- WHAT THE TASK REQUIRES:
Repeat the listing word for word. No pictures belong in the copy.

- AVAILABLE DATA:
-- Opening Marker --

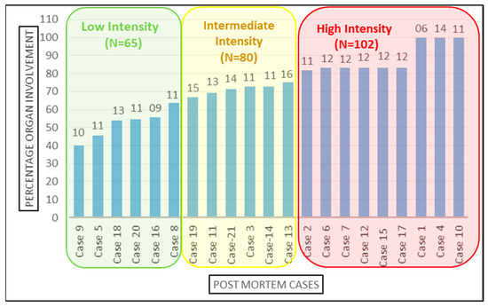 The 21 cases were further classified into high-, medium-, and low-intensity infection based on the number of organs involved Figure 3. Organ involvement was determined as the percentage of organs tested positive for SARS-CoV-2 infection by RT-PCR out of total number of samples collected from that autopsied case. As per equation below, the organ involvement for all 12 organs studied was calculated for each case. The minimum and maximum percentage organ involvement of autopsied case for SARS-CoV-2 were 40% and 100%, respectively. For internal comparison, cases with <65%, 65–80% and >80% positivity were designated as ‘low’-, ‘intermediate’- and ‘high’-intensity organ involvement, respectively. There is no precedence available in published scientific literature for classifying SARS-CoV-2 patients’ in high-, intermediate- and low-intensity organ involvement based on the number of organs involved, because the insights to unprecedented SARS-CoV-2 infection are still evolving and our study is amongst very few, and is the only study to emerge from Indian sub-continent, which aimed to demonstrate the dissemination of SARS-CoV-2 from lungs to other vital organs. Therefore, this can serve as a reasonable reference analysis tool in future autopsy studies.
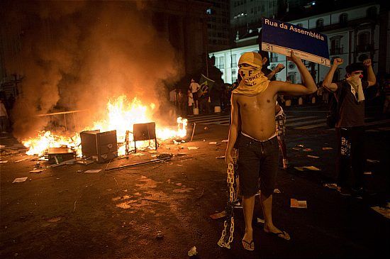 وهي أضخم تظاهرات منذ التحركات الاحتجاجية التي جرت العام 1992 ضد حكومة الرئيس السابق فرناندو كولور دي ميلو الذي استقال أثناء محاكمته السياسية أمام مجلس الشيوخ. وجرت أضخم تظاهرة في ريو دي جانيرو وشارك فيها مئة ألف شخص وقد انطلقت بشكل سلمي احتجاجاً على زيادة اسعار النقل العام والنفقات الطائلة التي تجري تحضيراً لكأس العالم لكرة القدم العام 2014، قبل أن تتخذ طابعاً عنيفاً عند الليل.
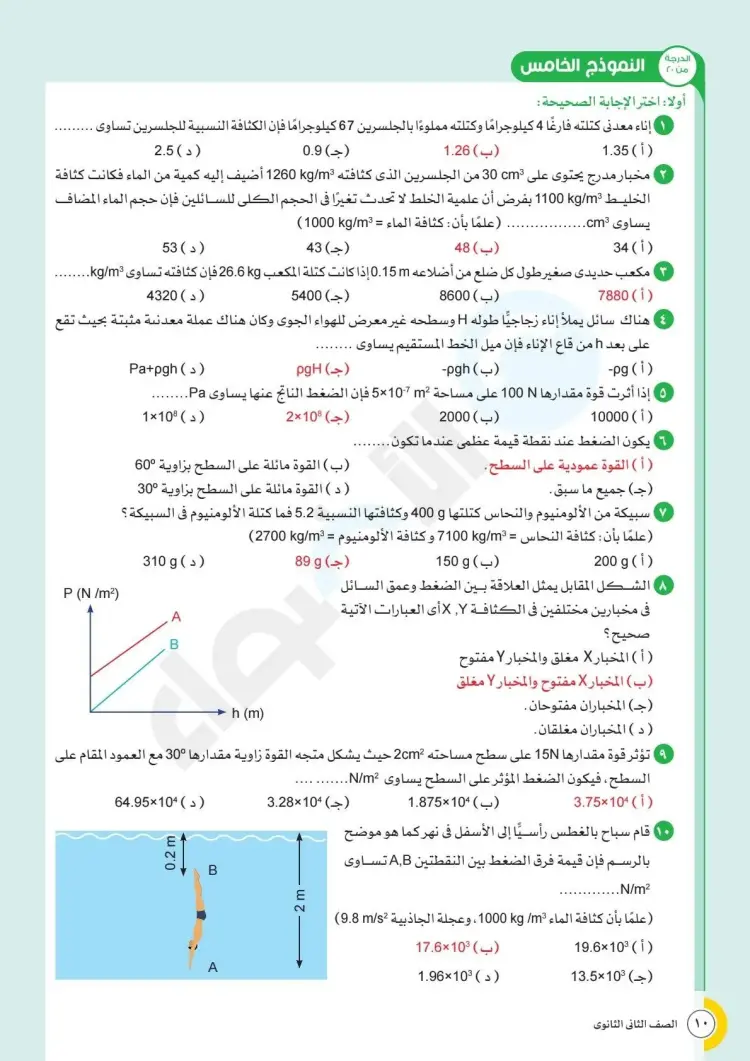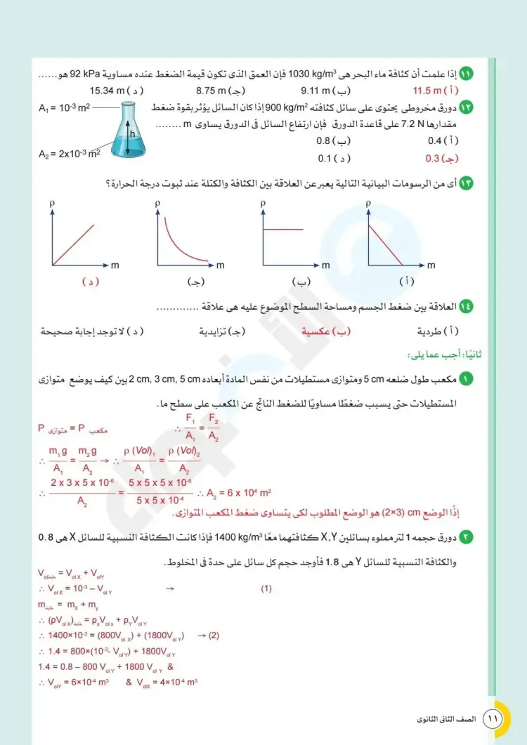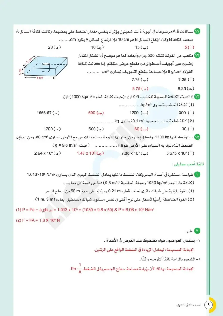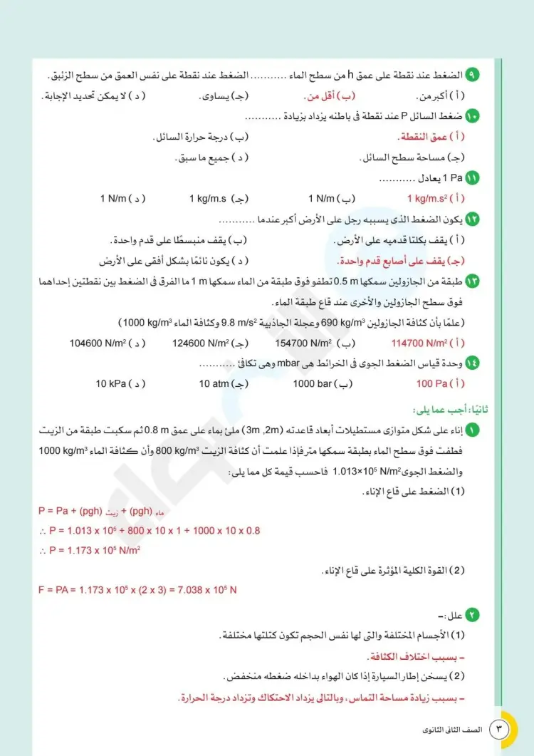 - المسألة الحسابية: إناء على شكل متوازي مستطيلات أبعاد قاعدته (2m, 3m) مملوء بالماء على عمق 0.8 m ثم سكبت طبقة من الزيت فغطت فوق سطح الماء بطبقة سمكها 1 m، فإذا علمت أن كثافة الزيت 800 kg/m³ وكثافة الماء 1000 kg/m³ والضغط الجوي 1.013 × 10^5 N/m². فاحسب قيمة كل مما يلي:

-- Closing Marker --

- OUTPUT FOR THIS TASK:
 The 21 cases were further classified into high-, medium-, and low-intensity infection based on the number of organs involved Figure 3. Organ involvement was determined as the percentage of organs tested positive for SARS-CoV-2 infection by RT-PCR out of total number of samples collected from that autopsied case. As per equation below, the organ involvement for all 12 organs studied was calculated for each case. The minimum and maximum percentage organ involvement of autopsied case for SARS-CoV-2 were 40% and 100%, respectively. For internal comparison, cases with <65%, 65–80% and >80% positivity were designated as ‘low’-, ‘intermediate’- and ‘high’-intensity organ involvement, respectively. There is no precedence available in published scientific literature for classifying SARS-CoV-2 patients’ in high-, intermediate- and low-intensity organ involvement based on the number of organs involved, because the insights to unprecedented SARS-CoV-2 infection are still evolving and our study is amongst very few, and is the only study to emerge from Indian sub-continent, which aimed to demonstrate the dissemination of SARS-CoV-2 from lungs to other vital organs. Therefore, this can serve as a reasonable reference analysis tool in future autopsy studies.
 وهي أضخم تظاهرات منذ التحركات الاحتجاجية التي جرت العام 1992 ضد حكومة الرئيس السابق فرناندو كولور دي ميلو الذي استقال أثناء محاكمته السياسية أمام مجلس الشيوخ. وجرت أضخم تظاهرة في ريو دي جانيرو وشارك فيها مئة ألف شخص وقد انطلقت بشكل سلمي احتجاجاً على زيادة اسعار النقل العام والنفقات الطائلة التي تجري تحضيراً لكأس العالم لكرة القدم العام 2014، قبل أن تتخذ طابعاً عنيفاً عند الليل.
 - المسألة الحسابية: إناء على شكل متوازي مستطيلات أبعاد قاعدته (2m, 3m) مملوء بالماء على عمق 0.8 m ثم سكبت طبقة من الزيت فغطت فوق سطح الماء بطبقة سمكها 1 m، فإذا علمت أن كثافة الزيت 800 kg/m³ وكثافة الماء 1000 kg/m³ والضغط الجوي 1.013 × 10^5 N/m². فاحسب قيمة كل مما يلي:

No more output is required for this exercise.